═════ STORED DATA ═════
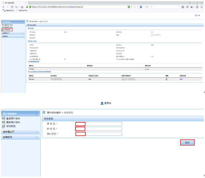 2、点击导航栏中的“用户资料维护”-“修改密码”链接,在修改密码页面中输入“原始密码”及“新密码”并点击“确定”按钮。
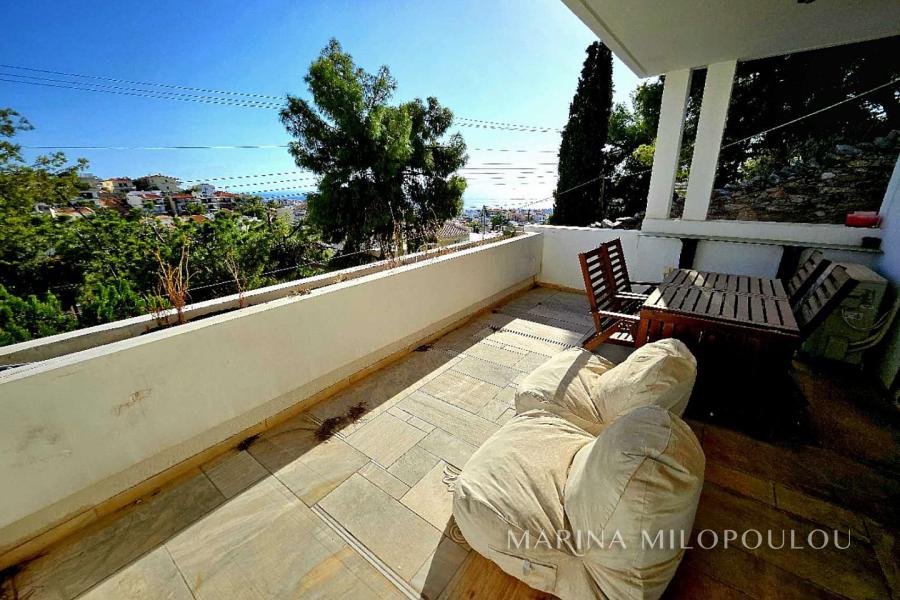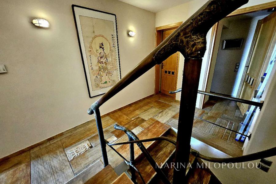 Η κατοικία διαθέτει δάπεδα, οροφές, παράθυρα και πόρτες, από ξύλο δεσποτάκι, διπλά τζάμια, τεχνοτροπίες, θέρμανση πετρελαίου, συναγερμό, 3 κλειστές θέσεις στάθμευσης μεγάλες βεράντες με θέα θάλασσα από όλα τα επίπεδα. Τιμή ζώνης 2500€
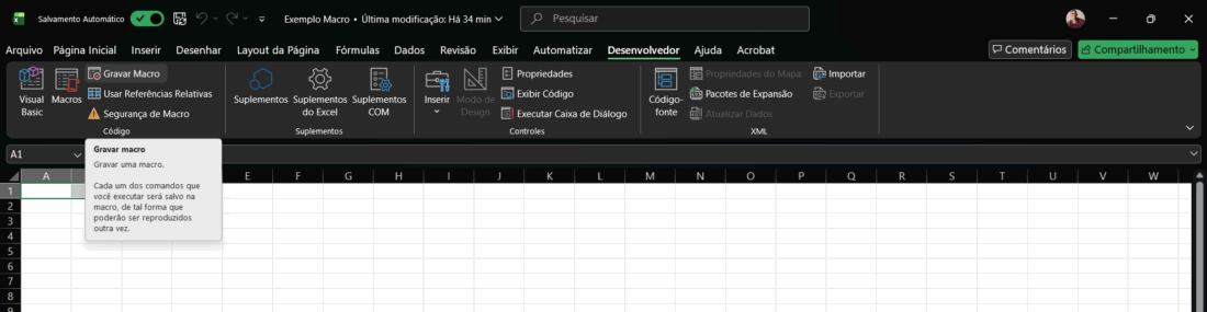 - Para iniciar a gravação vá no guia desenvolvedor e clique em gravar macro
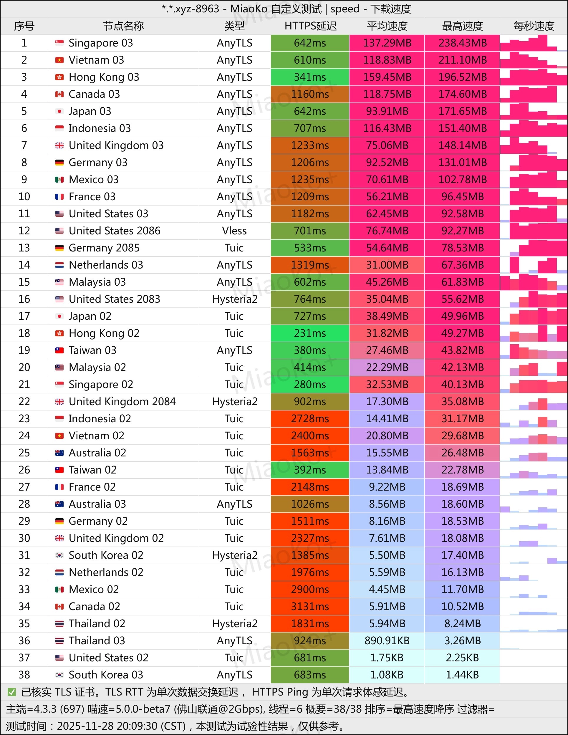 - AnyTLS 快 = TCP 不限速 + Speedtest 是 TCP 的天下
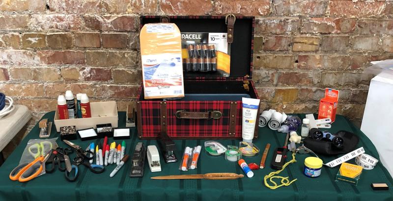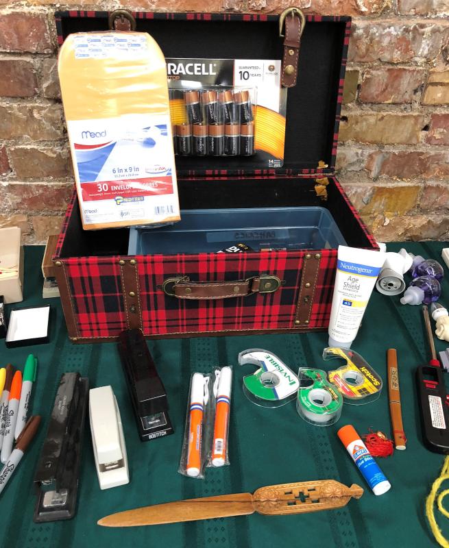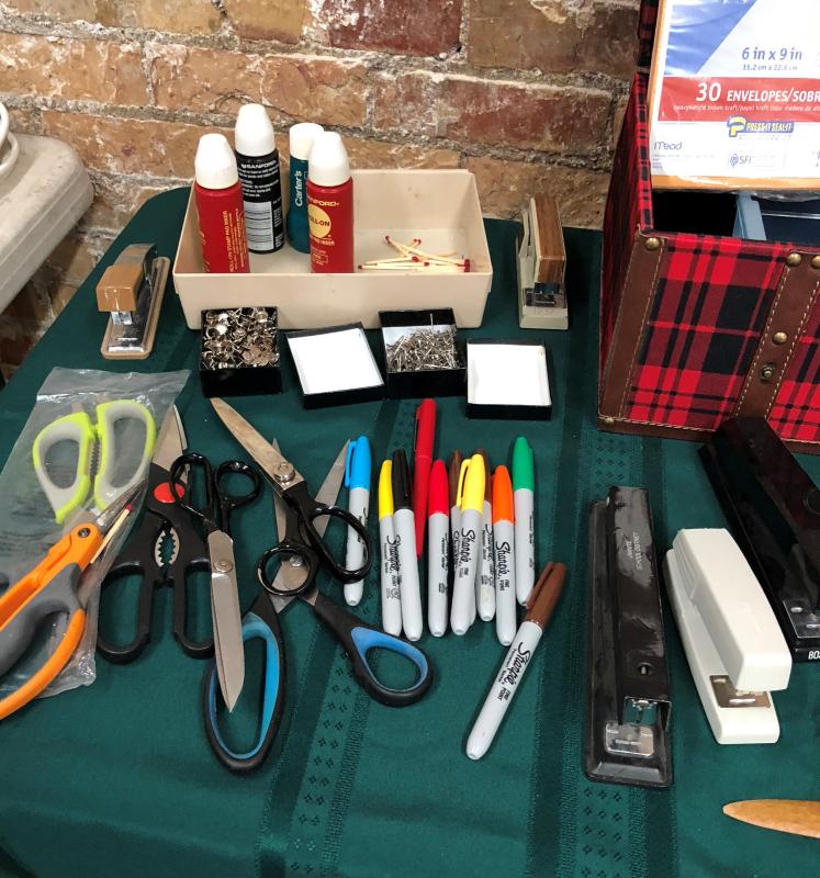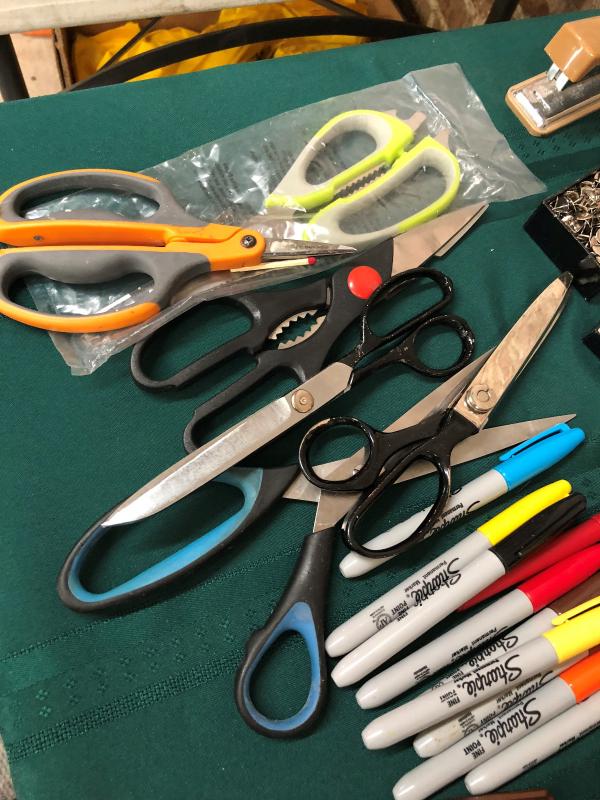 All that is shown, new condition on this large lot of various office supplies..includes binoculars..
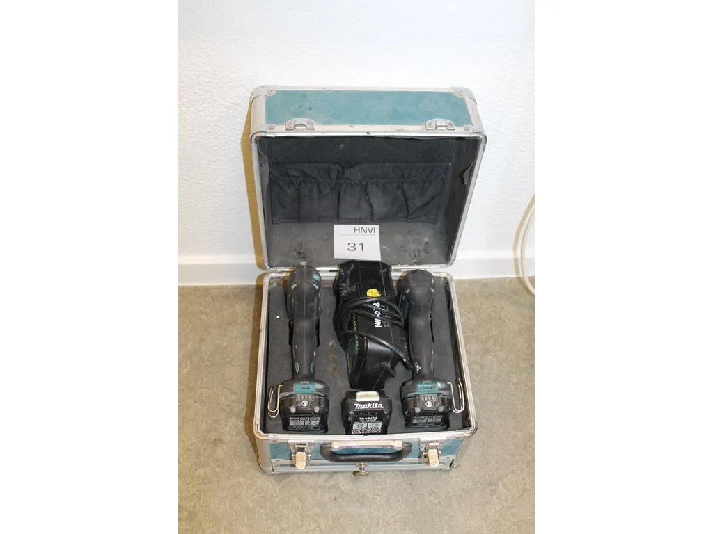 Accuset MAKITA 10,8V met schroef- en slagschroefmachine, 3 accu's en lader in koffer.
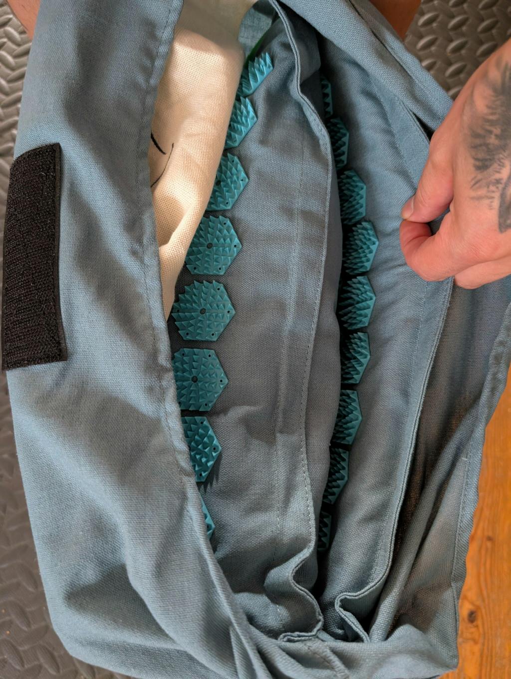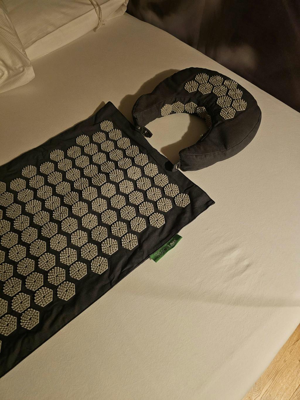 6.960 ergonomisch angeordnete Spitzen stimulieren sanft Deinen Körper und fördern Dein Wohlbefinden. Die Spitzen bestehen aus robustem, medizinischem HIPS-Kunststoff und sind durch ein spezielles Wärmepress-Verfahren ohne Klebstoff auf dem Bezug angebracht. Der Bezug besteht aus atmungsaktivem Halbleinen (45 % Leinen / 55 % Baumwolle). Die Akupressurmatte lässt sich ganz unkompliziert zusammenrollen und verschnüren – ideal für unterwegs!
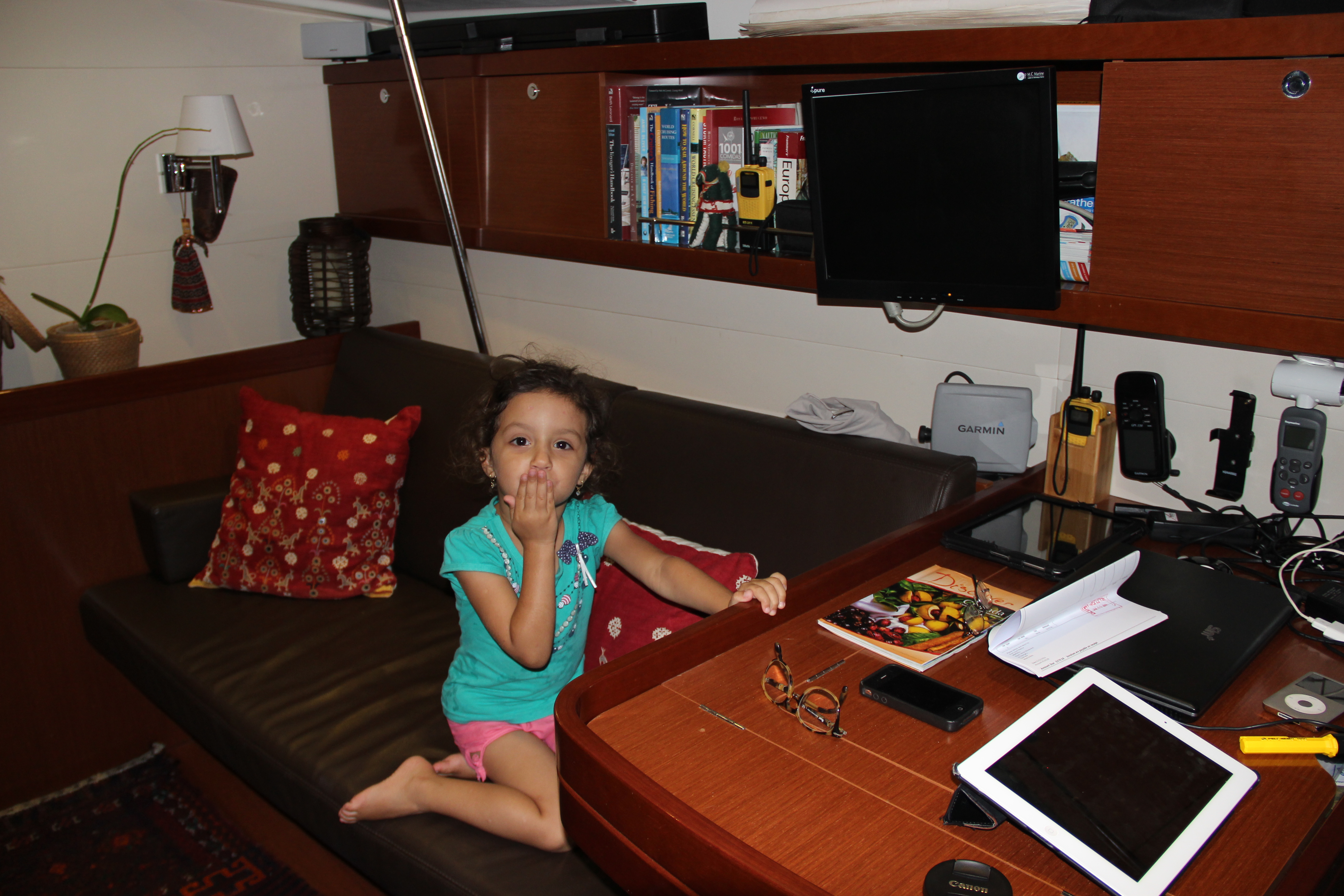 Do veleiro Sotália, que está ancorado próximo a nós, logo cedinho, Marina nos abana e manda beijinhos soprados na palma da própria mão.
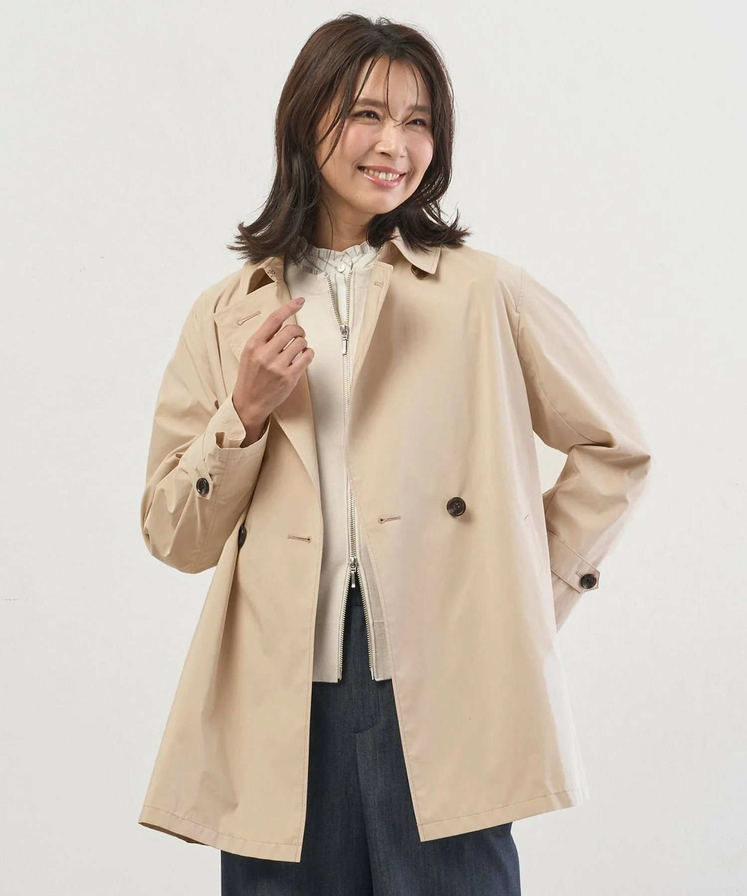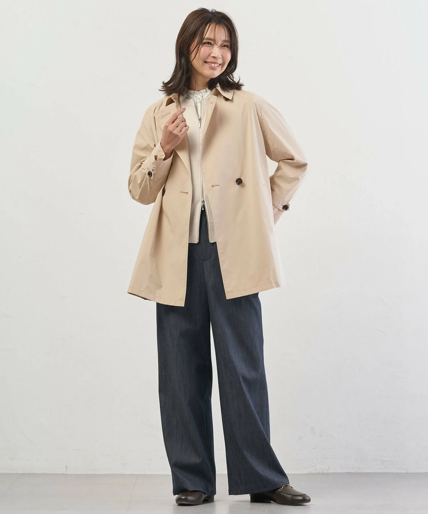 Классическое пальто, создающее легкий и элегантный образ, идеально подходящее для небольшого дождя.
═════
- _YOUR OBJECTIVE_
An exact, image-free transcription of all the records above is needed.

- _EXERCISE ANSWER_
 2、点击导航栏中的“用户资料维护”-“修改密码”链接,在修改密码页面中输入“原始密码”及“新密码”并点击“确定”按钮。
 Η κατοικία διαθέτει δάπεδα, οροφές, παράθυρα και πόρτες, από ξύλο δεσποτάκι, διπλά τζάμια, τεχνοτροπίες, θέρμανση πετρελαίου, συναγερμό, 3 κλειστές θέσεις στάθμευσης μεγάλες βεράντες με θέα θάλασσα από όλα τα επίπεδα. Τιμή ζώνης 2500€
 - Para iniciar a gravação vá no guia desenvolvedor e clique em gravar macro
 - AnyTLS 快 = TCP 不限速 + Speedtest 是 TCP 的天下
 All that is shown, new condition on this large lot of various office supplies..includes binoculars..
 Accuset MAKITA 10,8V met schroef- en slagschroefmachine, 3 accu's en lader in koffer.
 6.960 ergonomisch angeordnete Spitzen stimulieren sanft Deinen Körper und fördern Dein Wohlbefinden. Die Spitzen bestehen aus robustem, medizinischem HIPS-Kunststoff und sind durch ein spezielles Wärmepress-Verfahren ohne Klebstoff auf dem Bezug angebracht. Der Bezug besteht aus atmungsaktivem Halbleinen (45 % Leinen / 55 % Baumwolle). Die Akupressurmatte lässt sich ganz unkompliziert zusammenrollen und verschnüren – ideal für unterwegs!
 Do veleiro Sotália, que está ancorado próximo a nós, logo cedinho, Marina nos abana e manda beijinhos soprados na palma da própria mão.
 Классическое пальто, создающее легкий и элегантный образ, идеально подходящее для небольшого дождя.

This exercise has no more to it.